Since the discovery of oncogenes that encoded protein kinases it has been hoped that inhibition of the relevant kinases would be an effective chemotherapeutic strategy. This aspiration has become a clinical reality with the development of inhibitors against Abl tyrosine kinase, EGFR family kinases and BRAF. However, agents targeting either EGFR or BRAF typically show good efficacy in tumors with matching oncogenic mutations for a number of months before genetically resistant cells dominate the tumor and the therapy fails In the case of EGFR mutant lung tumors it has been shown that resistant cells may be present even before treatment and that these are at a strong selective advantage during therapy. However, the situation in BRAF mutant melanoma treated with BRAF inhibitors is less clear. There is significant variability in the magnitude of initial response to BRAF inhibition and genetically resistant sub-clones have not been detected prior to treatment, even in tumors that show modest responses. It has been proposed that non-cell autonomous mechanisms involving HGF production by the tumor stroma may drive resistance. However, it is not clear how selective pressure would act on the genetically stable stroma to promote the emergence of resistant disease. Establishing the chronology of biochemical responses to targeted therapy and biological changes elicited within the context of complex tumor microenvironments remains challenging.

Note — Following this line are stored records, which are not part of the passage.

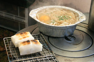 お昼は餅入り鍋焼きうどん。やっぱりストーブで焼いた餅はうまい!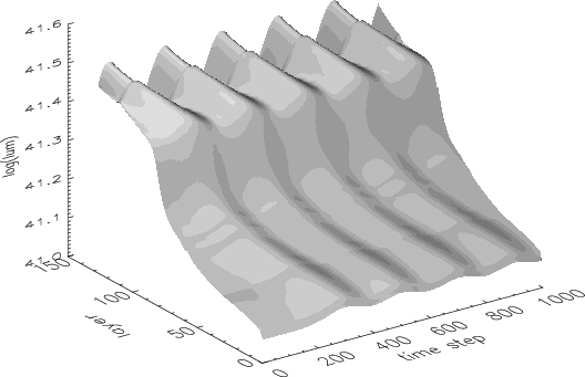 Figure 8: Luminosity of each layer and time step of our test atmosphere. |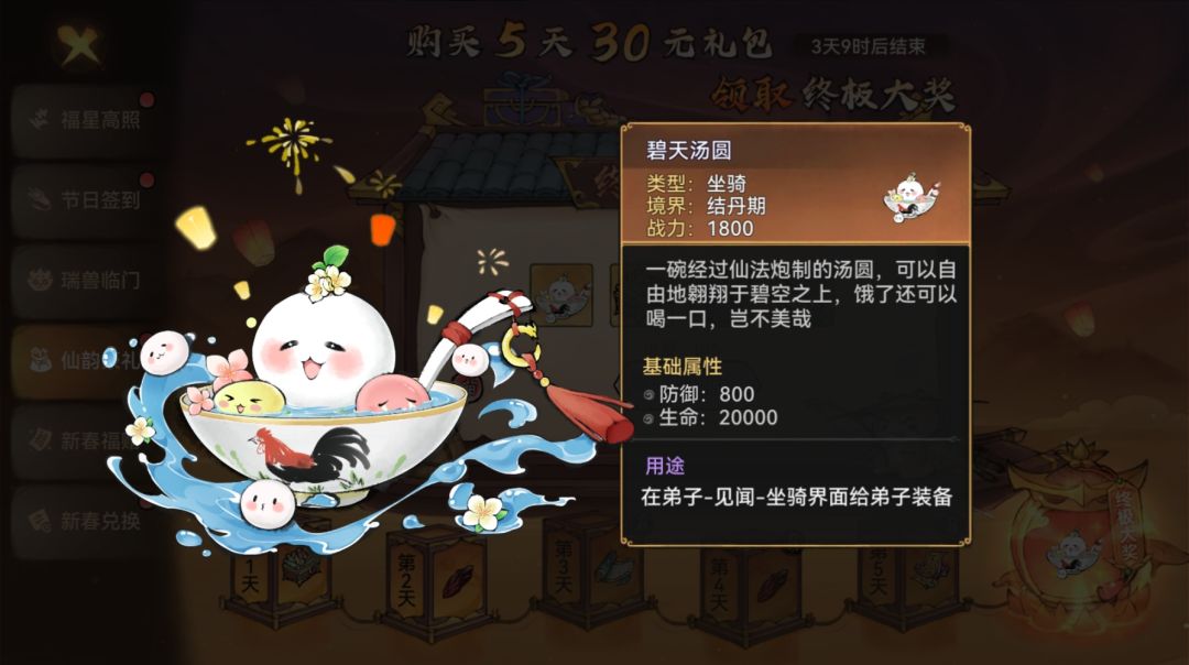 活动期间累计充值5日,将获得终极大奖碧天汤圆坐骑以及珍贵的天道传书等奖励。这款可爱的汤圆坐骑设计独特,萌态可掬,软软甜甜的看得小清瑶都流口水了。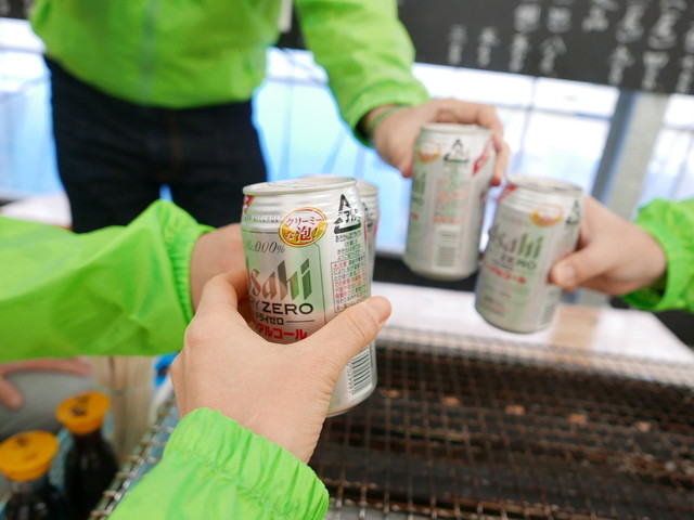跳ね防止のグリーンジャケットを装着し、ノンアルビールで乾杯!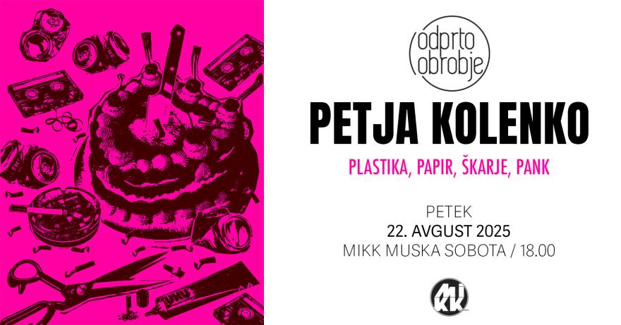 V Murski Soboti bo ob 18. uri v MIKK-ovi galeriji odprtje razstave Petje Kolenko »Plastika, papir, škarje, pank«. Zvečer bo sledil glasbeni dogodek Nindri indri 2025, ki se bo začel ob 19. uri.

We clarified how the tumor microenvironment affects response to BRAF inhibition in the treatment of BRAF mutant melanoma by utilizing intravital imaging techniques and fluorescence resonance energy transfer (FRET) microscopy. Initially melanoma cells respond to a BRAF inhibitor, but rapid reactivation of ERK/MAPK is observed in areas of high stromal density. This is linked to ‘paradoxical’ activation of melanoma-associated fibroblasts by BRAF inhibition and the promotion of matrix production and remodeling leading to elevated integrin β1/FAK/Src signaling in melanoma cells. Fibronectin-rich matrices with 3-12 kPa elastic modulus are sufficient to provide BRAF inhibitor tolerance. Co-inhibition of BRAF and FAK abolished ERK reactivation and led to more effective control of BRAF-mutant melanoma. We propose that paradoxically activated MAFs provide a ‘safe haven’ for melanoma cells to tolerate BRAF inhibition, and that this safe haven enhances the population of cancer cells from which genetically resistance emerges. Our work highlights the need to consider the effects of targeted therapies on the tumor microenvironments and strongly suggests that co-targeting signals in or from these microenvironments should augment the effect of cancer treatment.